Use
In this step, we will use the end user facing "developer hub" self service portal to deploy an instance of the "Slinky" based Slurm Cluster.
- Navigate to Developer Hub
- Select the project where the template was previously created
- Click "Workspaces"
- Click "New Workspace"
- Enter a name for the workspace
- Click Save
- Click "Custom Services"
- Click "New Custom Service"
- Click "Select" on the Slurm on Kubernetes service card
- Enter a name for the instance
- Select the number of nodes for the cluster
- Enter the public SSH key to be used to access the cluster
- Click Deploy
After a few minutes, the instance will be deployed.
Utilize¶
Next, we will use use the newly deployed Slurm cluster.

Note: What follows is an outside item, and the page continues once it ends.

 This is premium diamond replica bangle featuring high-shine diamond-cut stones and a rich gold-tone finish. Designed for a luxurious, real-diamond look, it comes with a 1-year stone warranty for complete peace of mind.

- Copy the Slurm Access command from the output
- Update the command with the private SSH key path for the public SSH key provided during deployment
-
Run the command, accept the fingerprint and type "yes" to continue
-
Execute the following command within the SSH session to see the stats of the nodes and partitions
SINFO Command¶
The sinfo command in Slurm (Simple Linux Utility for Resource Management) is used to display information about the state of the nodes and partitions (i.e., queues) in a Slurm-managed cluster.

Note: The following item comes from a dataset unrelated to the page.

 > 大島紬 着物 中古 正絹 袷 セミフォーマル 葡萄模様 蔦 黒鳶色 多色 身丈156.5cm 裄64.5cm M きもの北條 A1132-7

Type the following command in the SSH session:
sinfo
You will see output similar to the following:
PARTITION AVAIL TIMELIMIT NODES STATE NODELIST
all* up infinite 2 idle default-[0-1]
¶
PARTITION AVAIL TIMELIMIT NODES STATE NODELIST
all* up infinite 2 idle default-[0-1]
SQUEUE Command¶
The squeue command in Slurm is used to view the status of jobs in the scheduling queue — both running and pending jobs. Execute the following command within the SSH session to see the status of jobs on the cluster
squeue
You will see output similar to the following:
JOBID PARTITION NAME USER ST TIME NODES NODELIST(REASON)